Stored entries:
[Start of section]
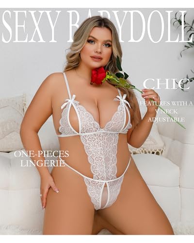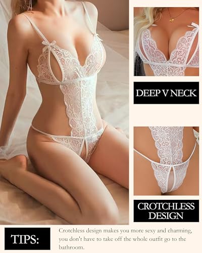 Women's Sexy Lace Lingerie Bodysuit - Adjustable Halter One-Piece Teddy Lingerie Crotchless with Sheer Mesh
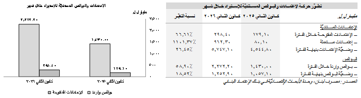 على صعيد حركة الإستيراد إلى لبنان، بلغت قيمة الإعتمادات المستنديّة المفتوحة للإستيراد 298.40 مليار ل.ل. (3.33 مليون د.أ.) في الشهر الأوّل من العام 2026، مقابِل 179.10 مليار ل.ل. في الشهر ذاته من العام 2025. في سياقٍ آخر، إرتفعت قيمة الإعتمادات المستعمَلة للإستيراد إلى 962.30 مليار ل.ل. (10.75 مليون د.أ.)، كما ووصلت البوالص الواردة إلى 2،272.20 مليار ل.ل. (25.39 مليون د.أ.)، من 1،430.00 مليار ل.ل. في الشهر الأوّل من العام 2025.
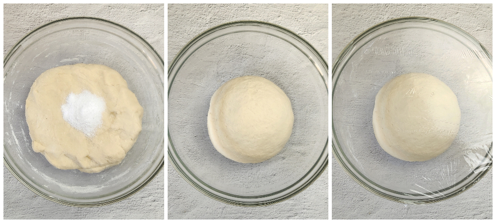 Voeg tenslotte het zout toe en kneed dit goed door.
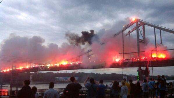Фанати Карпат, Динамо, Ворскли, Чорноморця, Зорі, Металіста зустрілись на пішохідному мості в Києві.
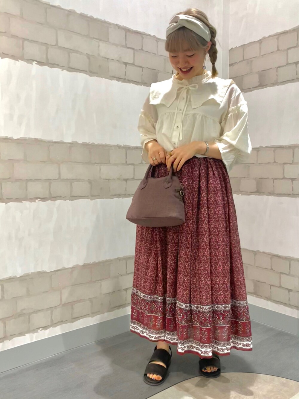 ご覧頂きありがとうございます*.+゚ 本日は北欧ガール風コーディネートのご紹介です🇸🇪 前回つけ襟のみ使用したブラウスのオフのお色を🦢 5分袖ですが、サラサラとした素材感なので今の時期から着ていただけます! 目を引く柄の赤スカートは裏地がしっかりついているため、足元のみ透けるようになっています。 陽の光が当たると影が透けてとってもかわいいです🌞 池袋サンシャインシティ店には毎日秋物アイテムが続々と届いております☺︎ 感染症対策を万全にしてご来店お待ちしております!
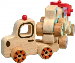 Camionul, mașinuța și elicopterul pot fi folosite separat sau combinate într-o singură garnitură. Copiii își antrenează imaginația și logica atunci când încarcă și transportă.
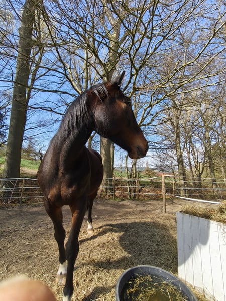 Ich inseriere nicht aus Langeweile, sondern weil ich im Sinne des Tieres ein neues Zuhause für ihn suche. Ich hab Mo vor drei Jahren in Holland gekauft und wollte ihn als Freizeitpferd und Kumpel für meine Stute haben. Leider passt es zwischen den Beiden nicht, da Mohawk natürlich viel Energie hat und sie nicht zur Ruhe kommt. Eine andere Sozialisierung kann ich ihm nicht anbieten, da wir an einem kleinen Stall stehen. Das bräuchte er aber dringend. Weiter bin ich kein richtiger Pferdeexperte und kann ihn nicht so trainieren wie er es bräuchte. Ich möchte das er all das bekommen kann und musste mir eingestehen, nicht die Führungsperson sein zu können, was ich aus gesundheitlichen Gründen leider nicht erlernen kann. Mo ist ein netter Wallach, der noch roh ist. Bei Fragen stehe ich gern zur Verfügung und ein Kennenlernen ist jederzeit möglich.
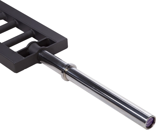 Robustní konstrukce z kalené oceli a kvalitní zpracování zvládne maximální zatížení 450 kg. Vroubkované rukojeti (průměr 30 mm) poskytují jistotu při těžkých sériích, zatímco standardní olympijské trny o průměru 50 mm s délkou 38 cm na každé straně umožňují pohodlné nakládání kotoučů. Osa o celkové délce 213 cm a hmotnosti 25 kg je ideální volbou do komerčních i domácích posiloven.
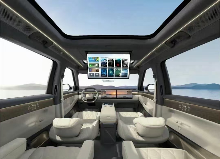 ID.ERA 9X内饰有多豪华,我就不多说了,反正跟其它9系相比,只多不会少。原因就是我前面说的,大众造车不是单纯的堆料,不是反正比你多的肤浅逻辑。以下图展示的九屏联动为例,智能抬头显示屏不稀奇,但它的这块抬显信息不仅可以跟着眼球调整位置,而且还能联动后视镜跟着一起调整。这不是在炫技,而是出于各个视线角度都安全的底线思维。
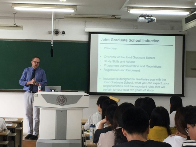 作为开云188-格拉斯哥大学联合研究生院学术院长,Chris Carman教授首先介绍了格拉斯哥大学悠久的历史及其校园环境,联合研究生院的发展历程及其办学特色,并向全体新生系统详细地介绍了联合研究生院的课程设置、学术科研、学习方法以及学生守则, David Forrest 教授就课程形式、学分制度及课程要求进行了详细的解读,使新生充分深入地了解联合研究生院的具体情况以及尽快为今后的学业做好准备。Chris Carman教授还表示,格拉斯哥大学高度重视该项目, 并将继续与开云188一道,将该项目办的越来越好, 争取为同学们提供更优质的教学服务。引导课程结束后, Carman和David对学生提出的问题进行了耐心详细地解答。
[End of section]
What this task involves: Up to and including the line that contains "Ich inseriere nicht", print the records above exactly from their first line, without any pictures.

Expected answer:
 Women's Sexy Lace Lingerie Bodysuit - Adjustable Halter One-Piece Teddy Lingerie Crotchless with Sheer Mesh
 على صعيد حركة الإستيراد إلى لبنان، بلغت قيمة الإعتمادات المستنديّة المفتوحة للإستيراد 298.40 مليار ل.ل. (3.33 مليون د.أ.) في الشهر الأوّل من العام 2026، مقابِل 179.10 مليار ل.ل. في الشهر ذاته من العام 2025. في سياقٍ آخر، إرتفعت قيمة الإعتمادات المستعمَلة للإستيراد إلى 962.30 مليار ل.ل. (10.75 مليون د.أ.)، كما ووصلت البوالص الواردة إلى 2،272.20 مليار ل.ل. (25.39 مليون د.أ.)، من 1،430.00 مليار ل.ل. في الشهر الأوّل من العام 2025.
 Voeg tenslotte het zout toe en kneed dit goed door.
Фанати Карпат, Динамо, Ворскли, Чорноморця, Зорі, Металіста зустрілись на пішохідному мості в Києві.
 ご覧頂きありがとうございます*.+゚ 本日は北欧ガール風コーディネートのご紹介です🇸🇪 前回つけ襟のみ使用したブラウスのオフのお色を🦢 5分袖ですが、サラサラとした素材感なので今の時期から着ていただけます! 目を引く柄の赤スカートは裏地がしっかりついているため、足元のみ透けるようになっています。 陽の光が当たると影が透けてとってもかわいいです🌞 池袋サンシャインシティ店には毎日秋物アイテムが続々と届いております☺︎ 感染症対策を万全にしてご来店お待ちしております!
 Camionul, mașinuța și elicopterul pot fi folosite separat sau combinate într-o singură garnitură. Copiii își antrenează imaginația și logica atunci când încarcă și transportă.
 Ich inseriere nicht aus Langeweile, sondern weil ich im Sinne des Tieres ein neues Zuhause für ihn suche. Ich hab Mo vor drei Jahren in Holland gekauft und wollte ihn als Freizeitpferd und Kumpel für meine Stute haben. Leider passt es zwischen den Beiden nicht, da Mohawk natürlich viel Energie hat und sie nicht zur Ruhe kommt. Eine andere Sozialisierung kann ich ihm nicht anbieten, da wir an einem kleinen Stall stehen. Das bräuchte er aber dringend. Weiter bin ich kein richtiger Pferdeexperte und kann ihn nicht so trainieren wie er es bräuchte. Ich möchte das er all das bekommen kann und musste mir eingestehen, nicht die Führungsperson sein zu können, was ich aus gesundheitlichen Gründen leider nicht erlernen kann. Mo ist ein netter Wallach, der noch roh ist. Bei Fragen stehe ich gern zur Verfügung und ein Kennenlernen ist jederzeit möglich.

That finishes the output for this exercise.